The mineral resource estimate was completed by Mr. Pierre Desautels, P.Geo, a Senior Associate Geologist for Watts, Griffis and McOuat Limited, a Qualified Person as defined by NI 43-101. The material in this news release has been prepared and reviewed by Stephen Wallace, P.Geo, VP Exploration of Trade Winds, a Qualified Person defined by NI 43-101. Trade Winds has implemented a quality control program to ensure best practice in the sampling, analysis and security of the drill core. The complete NI 43-101 Technical Report will be filed on SEDAR at www.SEDAR.com within 45 days.

DIRECTOR APPOINTED

Craig Anderson has been appointed as an independent Director of Trade Winds Ventures effective immediately. Craig is a founder and Chief Executive Officer of North Sea Energy Inc., a Toronto-based North Sea oil and gas development and exploration company. In addition to managing a junior international oil & gas company, he has over 16 years of experience in the financial services industry including extensive experience financing international resource companies in the formative stages of their development. He carries the Chartered Financial Analyst designation as well as the Canadian Investment Manager designation.

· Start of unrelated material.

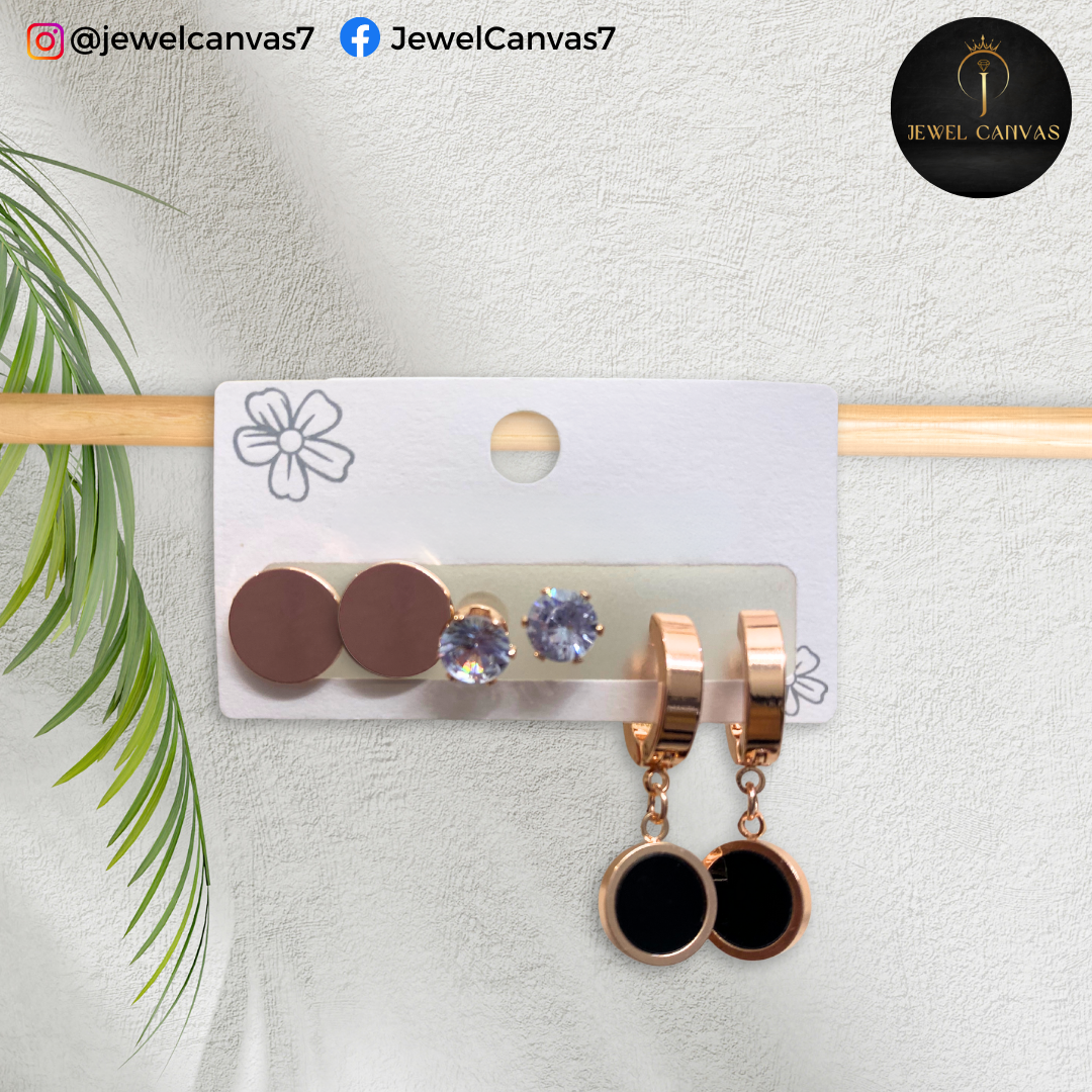 Shop 3-pair stainless steel earring set with rose gold round studs, crystal studs & black enamel danglers. Anti-tarnish, skin-safe & fashion-forward.

Ian Lambert, CEO of Trade Winds, stated:"We are pleased to have Craig join us, as he will bring a breadth of financial industry and management experience to the Board as we focus on developing our assets at Detour Lake."

This press release includes certain statements that may be deemed "forward-looking statements." All statements in this release, other than statements of historical facts, that address future exploration drilling, exploration activities and events or developments that the Company expects, are forward looking statements. Although the Company believes the expectations expressed in such forward-looking statements are based on reasonable assumptions, such statements are not guarantees of future performance and actual results or developments may differ materially from those in forward-looking statements. Factors that could cause actual results to differ materially from those in forward-looking statements include market prices, exploitation and exploration successes, continued availability of capital and financing, and general economic, market or business conditions.

THE TSX VENTURE EXCHANGE HAS NOT REVIEWED AND DOES NOT ACCEPT RESPONSIBILITY FOR THE ADEQUACY OR ACCURACY OF THE CONTENT OF THIS PRESS RELEASE.